Listening — really listening — makes the people in your life feel respected, taken seriously, and understood. Many of us in the modern world struggle with a sense of isolation or disconnection, often as a result of unfulfilling, surface-level interactions and relationships. We find ourselves listening only passively. This is when we wait for someone to speak, make an appropriate mumbling reaction — the real-life equivalent to WhatsApp’s blue ticks — but don’t really engage. Or we listen only to see how we can shoe-horn in our own point or anecdote. Both distance you from the other person. Neither is active listening.

Active listening is when you consciously and purposely try to engage and empathise with what the other person is saying. Here are a few tips to help you listen actively.
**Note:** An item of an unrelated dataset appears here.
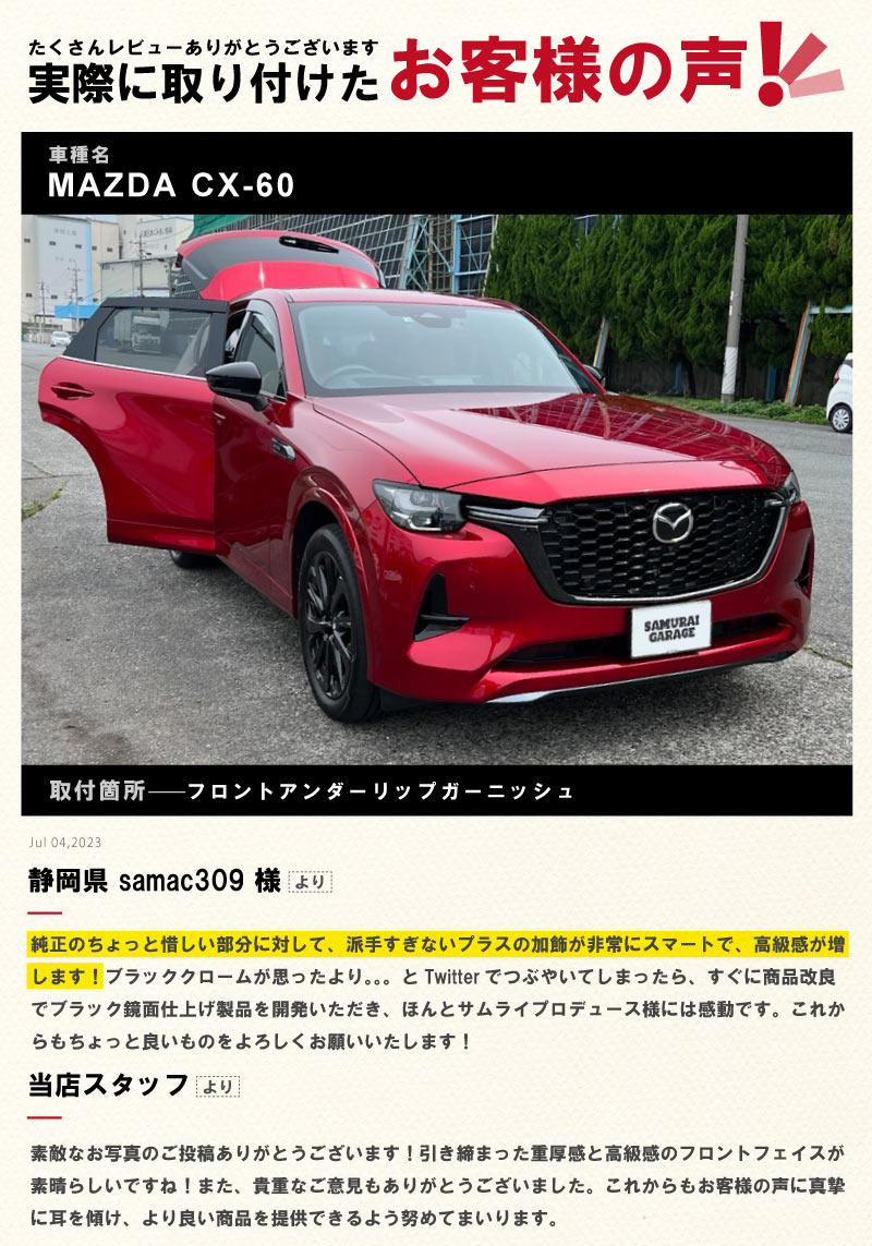 【セット割】CX-60 KH系 ガソリン ディーゼル 専用 フロントバンパー & サイドバッジ ガーニッシュ 外装パーツセット 鏡面仕上げ|マツダ MAZDA CX60 専用 外装 サイド シグネチャー カスタム パーツ ドレスアップ アクセサリー 社外品 エアロ【予約販売/1月30日頃入荷予定】

Try not to think about what to say next: you can’t rehearse and fully listen at the same time. Picture what the other person is saying in your head, either as an image or a diagram, to try and understand it better. Don’t feel the need to fill silences: count to three in your head before cutting in, as the other person might be trying to articulate something tricky, and people usually open up more when given enough space. Check you’ve understood by paraphrasing what they’ve said back to them. And don’t feel pressured to offer a pep talk or a solution: just sit with any emotions that arise.